Внезапно парикмахер явился вновь и принес с собою непродолжительное ненастье. Он сказал, что обошел всю нищую братию своего дома, но тщетно просил этих голодранцев внести вперед — в счет предстоявшего вскоре, в Мартинов день, платежа за квартиру — столько денег, сколько ему сегодня требовалось, чтобы оплатить свой жеребьевый билет участника стрелковых состязаний. Разумеется, за целых шесть недель до платежного срока такой денежный сбор был совершенно не под силу всему гарнизону, хотя бы уже потому, что большинство не осилило бы его и в самый срок. Поэтому саксонец обратился со своим ходатайством к магнатам своего дома, к господину с дукатом, как он величал Зибенкэза. Тот не смог огорчить еще одним отказом терпеливого добряка, безропотно выслушавшего все предшествовавшие, — он и жена собрали всю сдачу с дуката и отпустили обрадованного домохозяина с целой половиной квартирной платы, с тремя гульденами. Теперь у них самих не оставалось ничего, кроме — беспокойства, что к ужину нечего будет — зажечь: ибо налицо уже не было ни двух медяков на покупку полуфунта свечей, ни самих свечей.
Не могу утверждать, что наш герой от этого побледнел как смерть или обеспамятовал, или обезумел.
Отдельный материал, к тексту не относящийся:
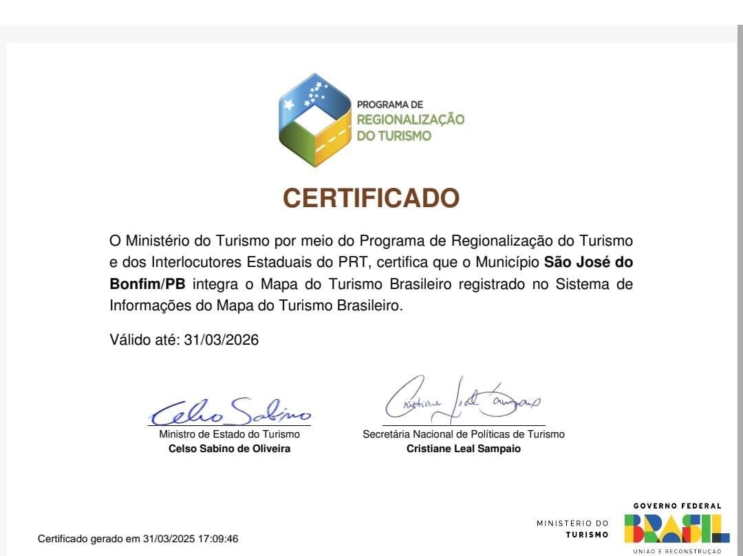 Este certificado é um aval do Ministério do Turismo que permite a transferência de recursos oriundos do poder executivo para financiar projetos e eventos no âmbito do território de São José do Bonfim.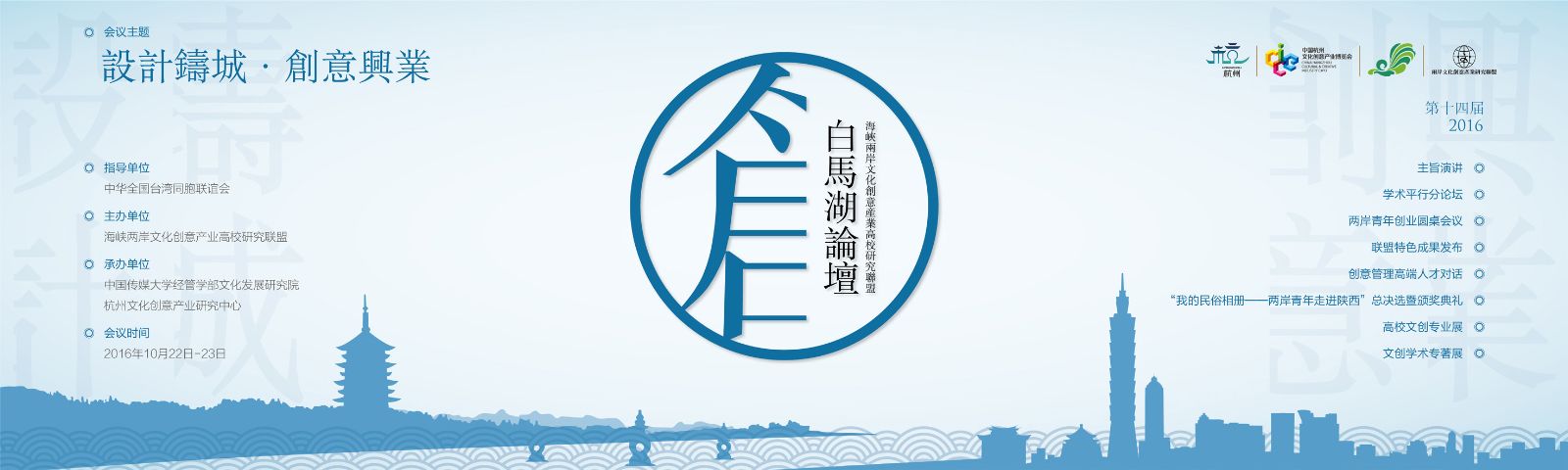 2016年10月22日,第十四届海峡两岸文化创意产业高校研究联盟论坛在杭州白马湖建国饭店召开。本届论坛由中华全国台湾同胞联谊会、中国宋庆龄基金会指导,中国传媒大学文化发展研究院与杭州市文化创意产业研究中心共同承办。多所高校、科研机构、行业协会及文化创意企业的百余位代表参加了此次论坛。 海峡两岸文化创意产业高校研究联盟立足于两岸高校的成人电影

Хвала каждой мужской душе, которая хоть пол-весны смогла пить железистую сыворотку стоицизма и не упала, подобно женщине, обессиленная и оледеневшая, перед хладным призраком нищеты. В наш век, когда в душе людей перерезаны все жилы лучших чувств и уцелела только жилка стяжения, даже самое преувеличенное порицание богатства будет полезнее и благороднее, чем даже самое справедливое уничижение бедности; ибо пасквили на презренное злато гарантируют богатому неплохое душевное состояние даже в случае потери состояния материального, а бедняка наделяют взамен горьких чувств сладостью их преодоления. Ведь и без того уж все низменное в нас, все чувства, фантазия и все видимые нами примеры являются объединенными панегиристами золота; почему же хотят еще и лишить бедность ее адвоката и chevalier d'honneur, которыми являются философия и нищенская спесь?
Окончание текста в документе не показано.